3. Look inward – The adage ‘act locally, think globally’ is a good one. Put another way, struggles and solutions are highly internalized processes. While intergovernmental organizations, states, and corporations impose projects and programs with little regard for the unique diversity of a given space or place, those living there know it intimately. Solutions that work, of course, can be multiplied through learning exchanges and other grassroots mechanisms. Peasant organizations regularly exchange seeds, where, for example, farmers from the northern deserts that give way to the Sahara share hearty drought-resistant varieties with peasants in climate-affected areas in which once-adequate rainfall has nearly stopped. It is a political act of resistance to the GMO seeds that are routinely dumped on West Africa from abroad. Indigenous knowledge is power.

4. Reach outward – As its name suggests, the Global Convergence for Land and Water Struggles is intended to reach far beyond West Africa—even if its priorities remain unapologetically in the region at this time. Social justice movements at the transnational level are sometimes isolated from one another, even if their members share similar class and identity politics. So rather than reinventing the wheel, the new convergence is committed to working within vast networks and contributing to a movement of movements. The issues that tear apart social structures and ecosystems—capital accumulation and notions of empire—are deeply interconnected at the global level, so the resistance must be as well.

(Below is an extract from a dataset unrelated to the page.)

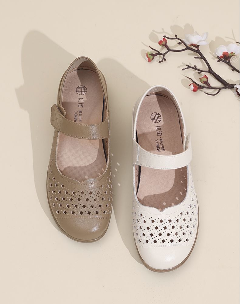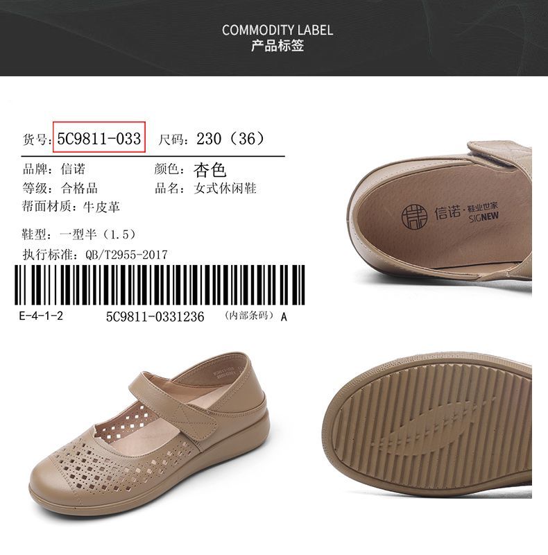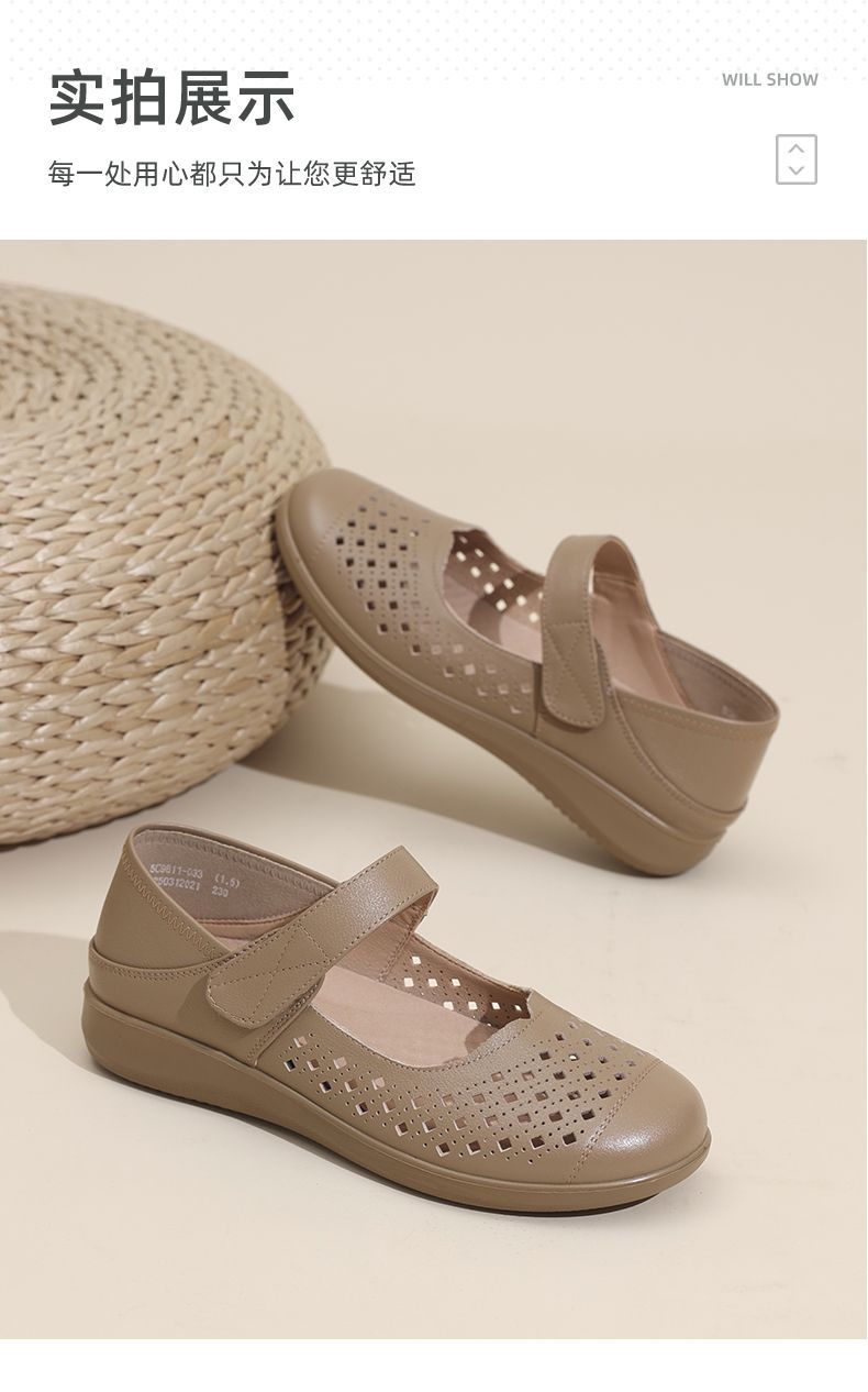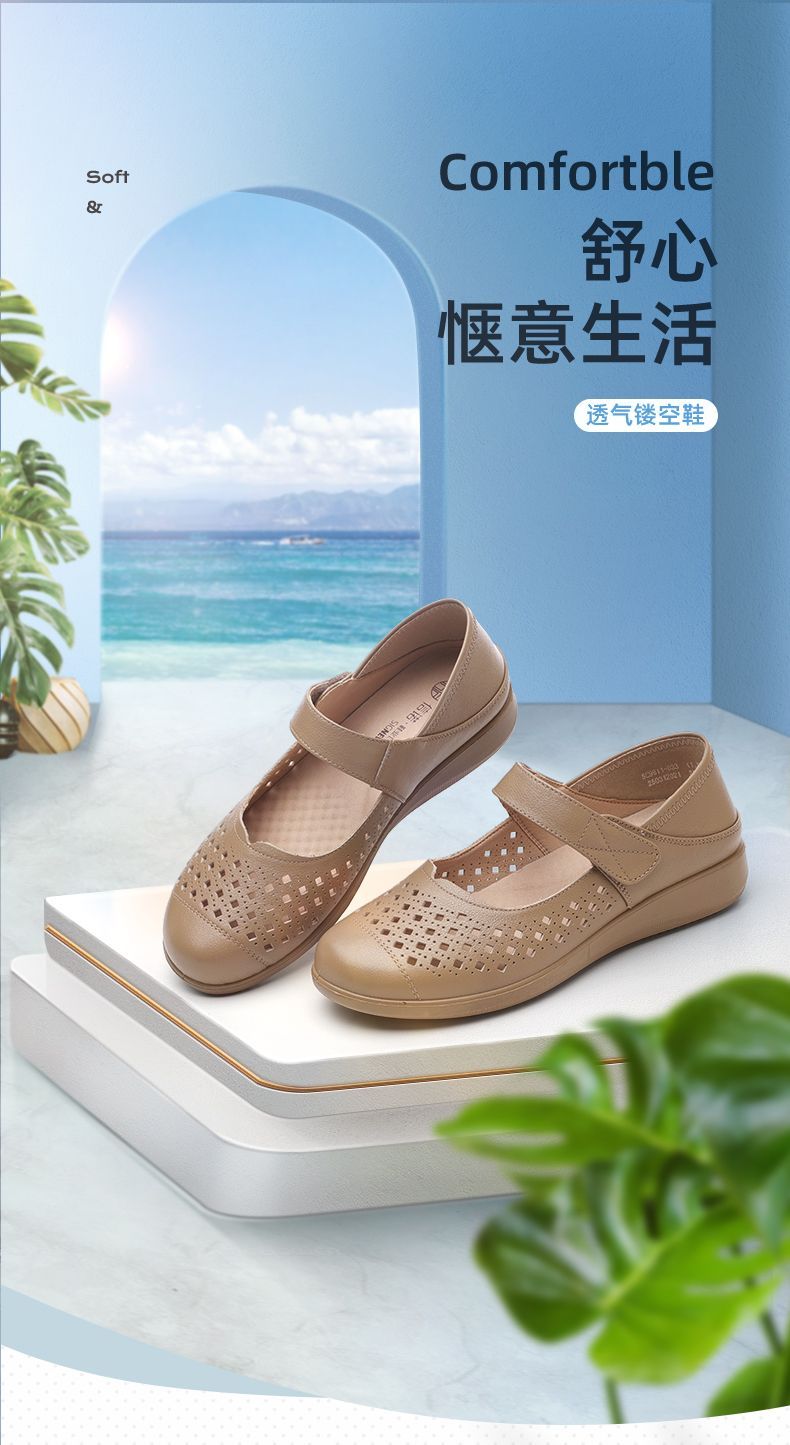 信诺妈妈凉鞋镂空透气洞洞鞋2025夏季新款舒适软底真皮平底老人鞋5C9811-033

5. Use frameworks that push the system – This is where charity can miss the point; the roads of Mali are literally littered with good intentions. From dried out water tanks provided by foreign governments to boarded-up microcredit booths funded by the most well-meaning NGOs, many projects have done nothing to challenge the systemic nature of inequality—but social movements are filling that gap. They are doing so, in part, by framing their struggles and political proposals in accordance with radical ideology. The Global Convergence for Land and Water Struggles is no exception, making claims for land, water, and territory, as well as food sovereignty through agroecology, and insisting upon system change. These frameworks represent cutting-edge political opportunities.

6. Navigate channels of governance access – The current waves of governance trends sweeping Europe and North America are hardly new to Global South activists who have been working in the trenches under colonial structures, or likewise under oppressive experiments in privatization and nationalism (think of Pinochet’s Chile or Suharto’s Indonesia). The West Africans have seen their share of business-minded bullies as well. Although the state is a laudable political target, global governance structures and institutions have shifted its overall relevance and power. In this vein, activists have three channels through which they are able to challenge policy. First, they can do it the old-fashioned way and pressure their own governments to implement policy. Second, they can demand that their states interact with global governance to legislate policy. And third, they can supersede the state and work directly with governance institutions. All three channels are simultaneously needed where resources, and those who guard them, are increasingly hunted.

7. Take it to the streets – Any of the previous forms of collective action is incomplete without the complementary tactic of nonviolent and calculated political action where possible. Popular protest for redistribution and recognition is an often-underestimated tool that has brought down governments and corporations while cutting off destructive policy at the knees. Slacktivism will not do that job. A highlight of the Global Convergence of the Land and Water Struggle’s caravan was a demonstration in Bamako, Mali where more than 1,500 locals joined the regional delegates in denouncing resource grabbing. Just a few days later across the border in Kaolack, Senegal, the convergence did it again—attracting upwards of 1,000 people to their cause and marching some three kilometers under an unforgiving sun. And this is merely one component of the nascent movement’s action plan that is cautiously optimistic about fostering political revolution in West Africa and beyond.